Favorite Atkins Friendly Food: Peanut Butter Granola Bar
Tips for Success: Read your labels. Watch out for hidden carbs; to calculate the grams of carbs that impact your blood sugar, subtract the number of grams of dietary fiber from the total number of carb grams. Also double-check serving sizes on labels; some foods and drinks are actually two or more servings, so you need to add in those extra carbs and calories.

Low Carb and Keto Friendly Holiday Drink Recipes

December 13, 2019

Tis the season for a little (low carb) holiday cheer! Check out these suggestions for keeping the cocktail carb count low and then take a taste of these brand-new low carb and keto-friendly holiday drink recipes:

 

  • Get spirited. Certain spirits, such as Scotch, rye, vodka and gin are naturally low in carbs. Just be sure to avoid mixing them with juice, tonic water or non-diet soda. Go for seltzer, diet tonic or diet soda instead.
  • Wine also wins. If you’d prefer white wine, pinot grigio and sauvignon blanc are your best choices. If you’re into red, try pinot noir. A 5-ounce glass of wine contains around a little over 3 grams of Net Carbs. If you’re in the mood for a little bubbly, good news: champagne or sparkling wine contain anywhere from 1.5 to 2.5 grams of Net Carbs per 5-ounce glass. Choose dry varieties of wine instead of sweet wines, which tend to be higher in carbs. There are also a variety of new low carb brands of wine and beer on the market worth checking out. As always, don’t forget count these carbs toward your total daily count.
  • Water works. Alcohol can dehydrate you, and dehydration is also the culprit for holiday hangovers everywhere, so alternate each drink with a glass of water or club soda.
  • A little goes a long way!

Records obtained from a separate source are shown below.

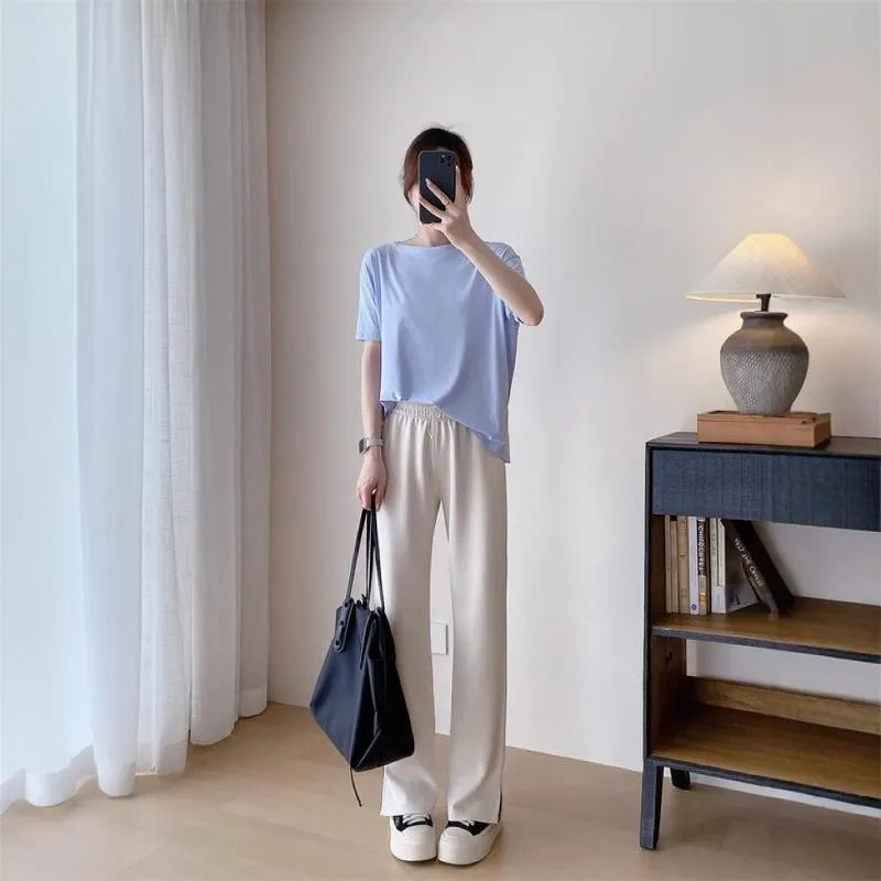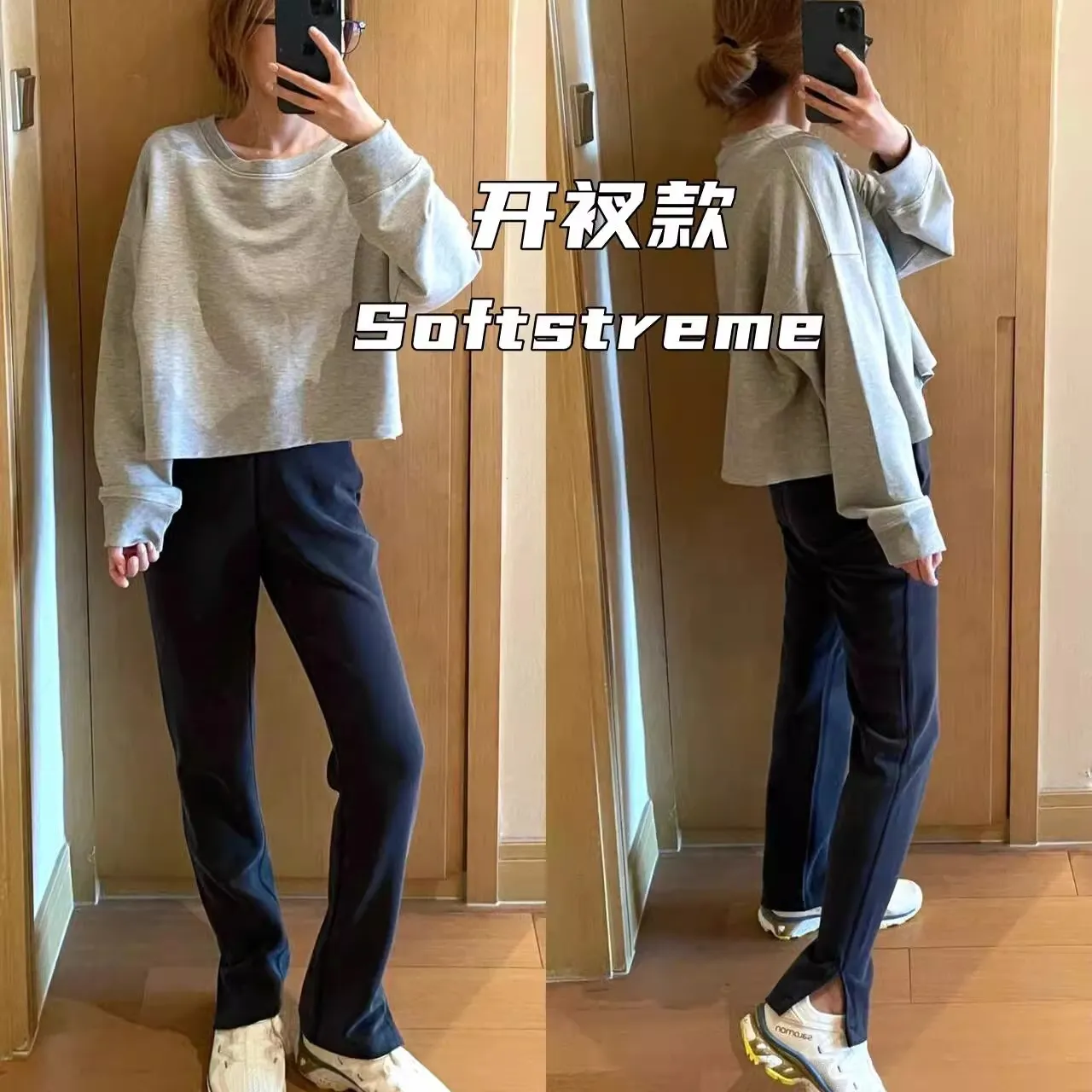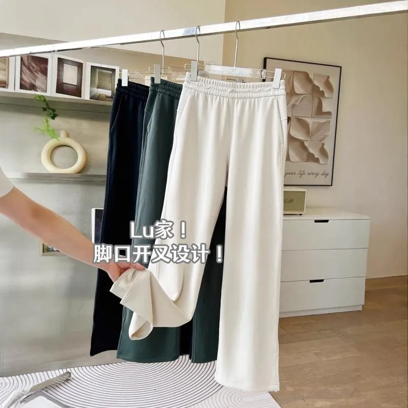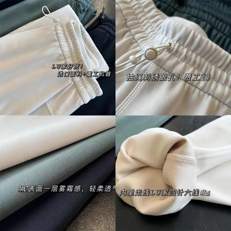📚 lu家长裤开叉softstreme空气层高腰抽绳直筒神裤休闲显瘦阔腿裤夏
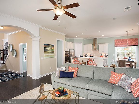 The Duvall II plan with five bedrooms, four baths, and a guest bedroom on the main floor is a must see! The Duvall II offers both a formal living room and formal dining room with coffered ceiling as well as a mudroom with an organizational room. LVP floors line the main level and upstairs hallway. The entry is amazing with a two-story foyer and high ceilings! The kitchen features a large island, quartz countertops, upgraded soft close cabinets, and tiled back splash. The chef in the family will appreciate the gourmet appliances including a gas cooktop and the built-in wall oven and microwave oven combo and a stainless-steel wall mounted hood that is vented to the outside. Relax on the covered porch that overlooks the back yard off of the great room. The great room is open to the kitchen and incudes a gas log fireplace as a focal point. Upstairs you will find the primary suite, two secondary bathrooms and three additional bedrooms with a Jack and Jill bath in between two of the bedrooms. The primary suite is absolutely gorgeous with a sitting area, boxed ceiling, large primary bath with a separate tiled tub and shower and a huge walk-in closet. A large laundry room and a spacious bonus room complete this home. **Interior photos are not of actual home, colors and options will vary** Under construction Disclaimer: CMLS has not reviewed and, therefore, does not endorse vendors who may appear in listings.
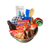 Get ready to whip up something sweet with this Baker’s Delight Gift Set! Perfect for the home baker, this basket includes everything you need to make delicious treats with ease. Enjoy a selection of Betty Crocker cookie mixes — Chocolate Chip, Snickerdoodle, and Peanut Butter — and brownie mixes - along with Hershey’s chocolate and caramel toppings to add that extra touch of indulgence.
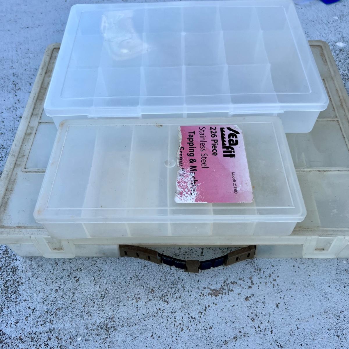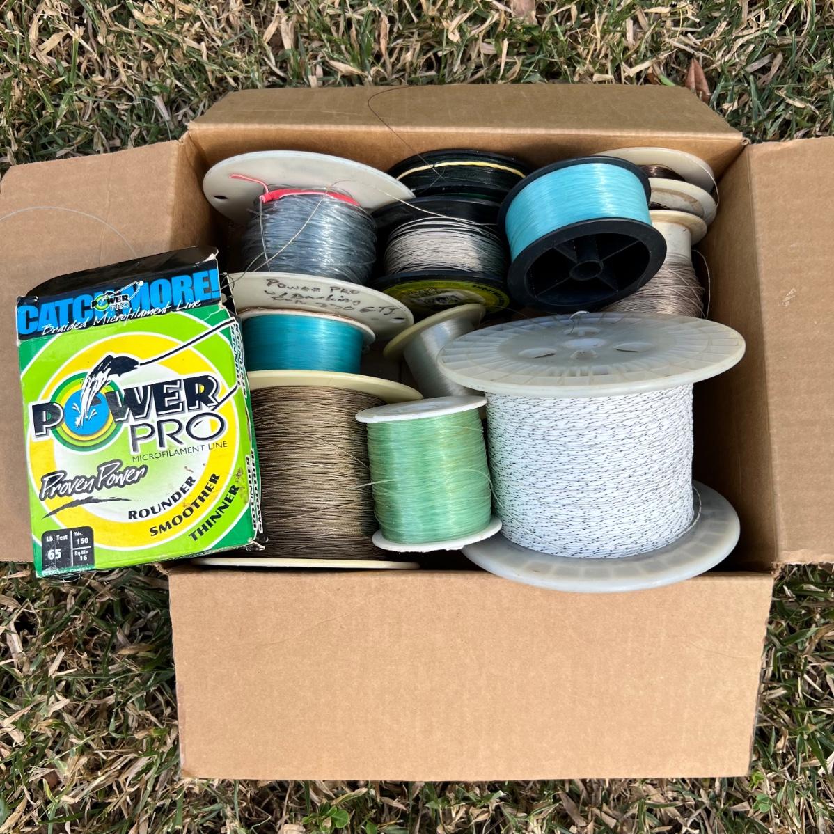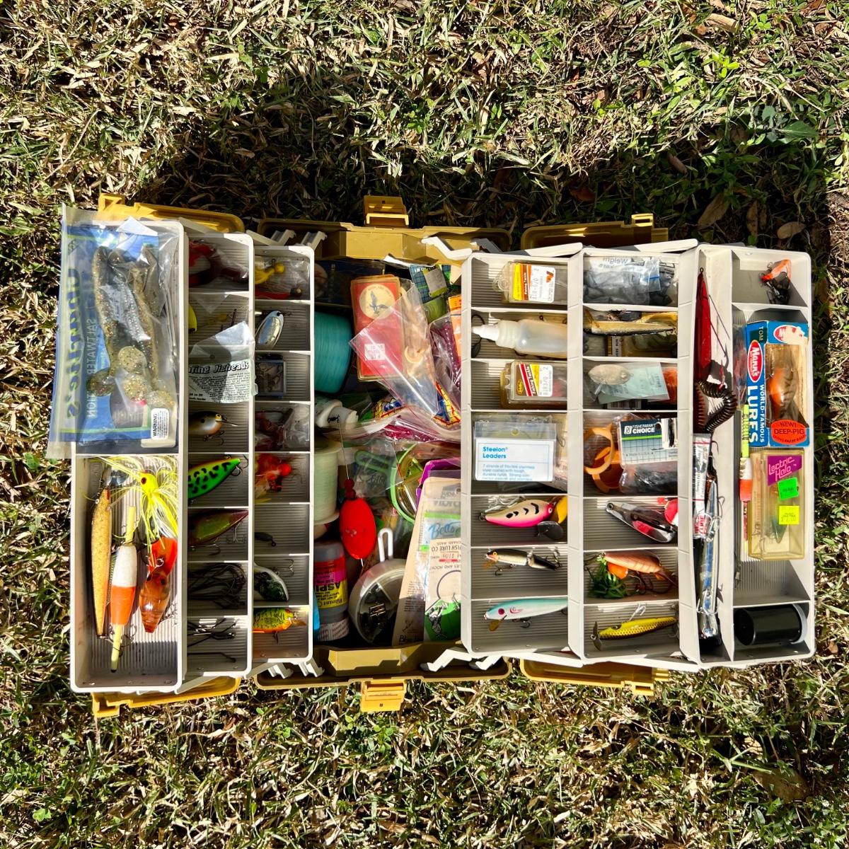 Lot includes a Plano 36 compartment tackle box filled with an assortment of lures, three tackle organizers, a line organizer, and a box filled with a variety of line.
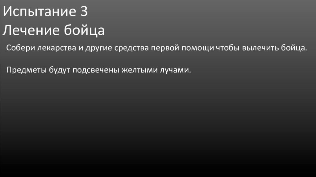 Испытание 3 Лечение бойца Собери лекарства и другие средства первой помощи чтобы вылечить бойца. Предметы будут подсвечены желтыми лучами.
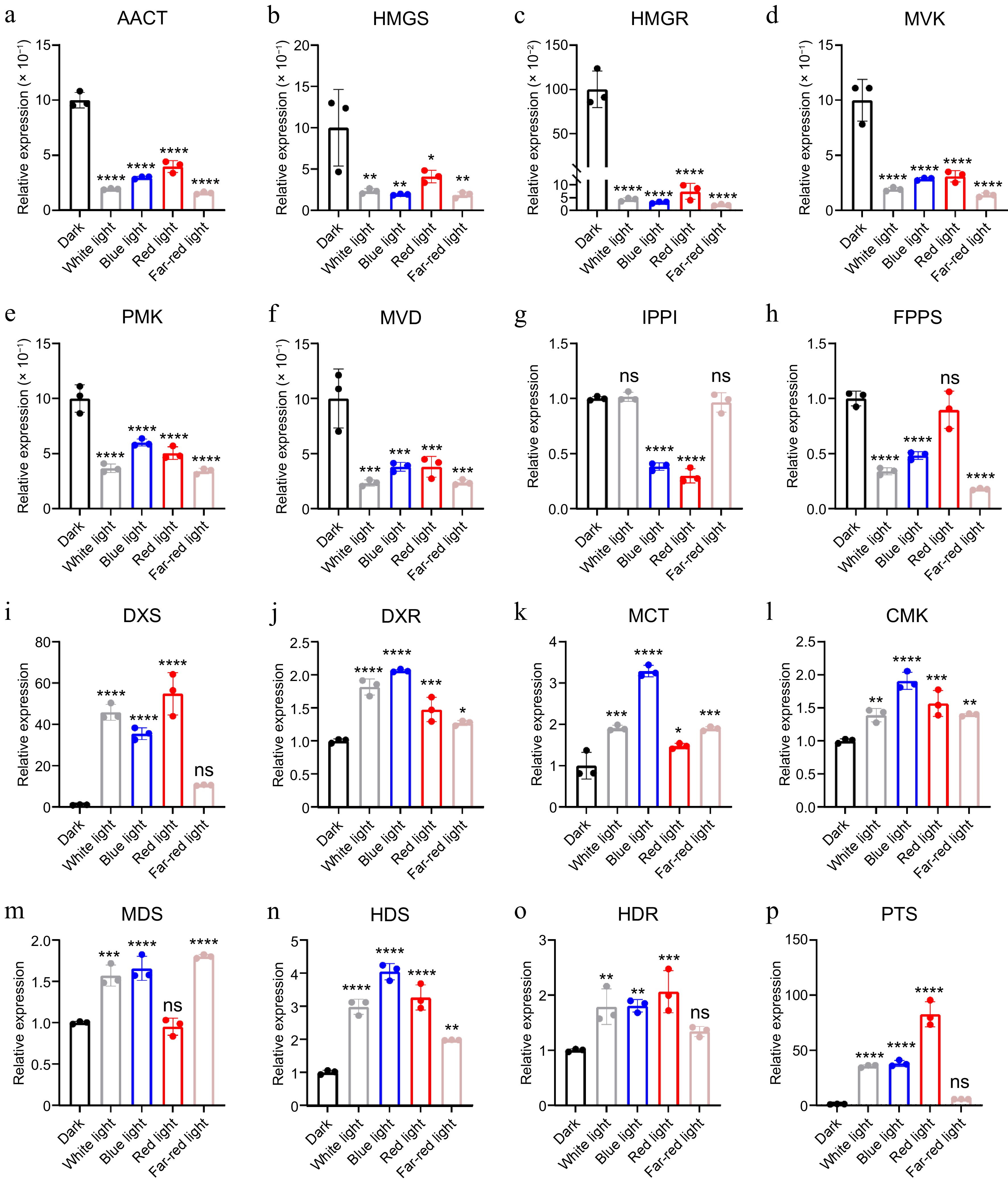 • Mevalonate (MVA) and methylerythritol phosphate (MEP) are main pathways of terpenoid backbone biosynthesis. The expression of key enzyme genes involved in MVA and MEP pathways, as well as patchoulol biosynthesis, was assessed in patchouli under varying light conditions. The results demonstrated no effect or repression of light on the expressions of acetoacetyl-CoA thiolase (AACT), 3-hydroxy-3-methylglutaryl-CoA synthase (HMGS), 3-hydroxy-3-methylglutaryl-CoA reductase (HMGR), mevalonate kinase (MVK), phosphomevalonate kinase (PMK), mevalonate diphosphate decarboxylase (MVD), isopentenyl diphosphate isomerase (IPPI) and farnesyl diphosphate synthase (FPPS); while under the same conditions, it was activated when it came to 1-Deoxy-D-xylulose-5-phosphate synthase (DXS), 1-deoxy-D-xylulose-5-phosphate reductoisomerase (DXR), 2-C-methyl-D-erythritol 4-phosphate cytidylyltransferase (MCT), 4-(cytidine 5'-diphospho)-2-C-methyl-D-erythritol kinase (CMK), 2-C-methyl-D-erythritol 2,4-cyclodiphosphate synthase (MDS), 1-hydroxy-2-methyl-2-(E)-butenyl 4-diphosphate synthase (HDS), 1-hydroxy-2-methyl-2-(E)-butenyl 4-diphosphate reductase (HDR) and patchoulol synthase (PTS) (Fig. 4). For enzymes in the MEP pathway, it might be interpreted that plastid is the compartment which these enzymes work (Fig. 4). Notably, light exposure exerted divergent regulatory effects on the two terpenoid precursor pathways: the cytosolic MVA pathway genes remained either unaffected or showed mild suppression (Fig. 4), whereas their plastid-localized MEP pathway counterparts, particularly DXS and PTS, exhibited potent activation under white light. Consistent with the transcriptional activation PTS in the MEP pathway (Fig. 4), GC-MS analysis revealed a higher patchoulol level under white light (Fig. 1b), demonstrating the close link between gene expression and metabolism. The biosynthesis of patchoulol is catalyzed by PTS, and the MVA and MEP pathways may exert effects via redox-mediated regulation and metabolic flux compensation.

One too many drinks, and suddenly it’s just not as easy to resist the tempting holiday treats that surround you. Your body will also burn alcohol before fat, so if you overdo it on the holiday cheer, it may slow down weight loss.
  • Make it a mocktail. More companies have started to offer zero-alcohol beer (that actually tastes good!) and mocktail mixes, and bars are starting to include mocktails on their menus, if you want to feel like you’re imbibing while keeping your wits about you. A word of caution: You may not miss the booze in your mocktail, but if it’s made with fruit juice or simple syrup, it’s probably full of sugar. Stick with mocktails that contain sugar-free fruit-flavored sparkling water, blends and garnishes of low-glycemic fruits like berries, sweeteners such as stevia or sucralose, and a squeeze of fresh lime or lemon juice. You can also turn some of our low carb cocktail recipes into mocktails simply by omitting the alcohol.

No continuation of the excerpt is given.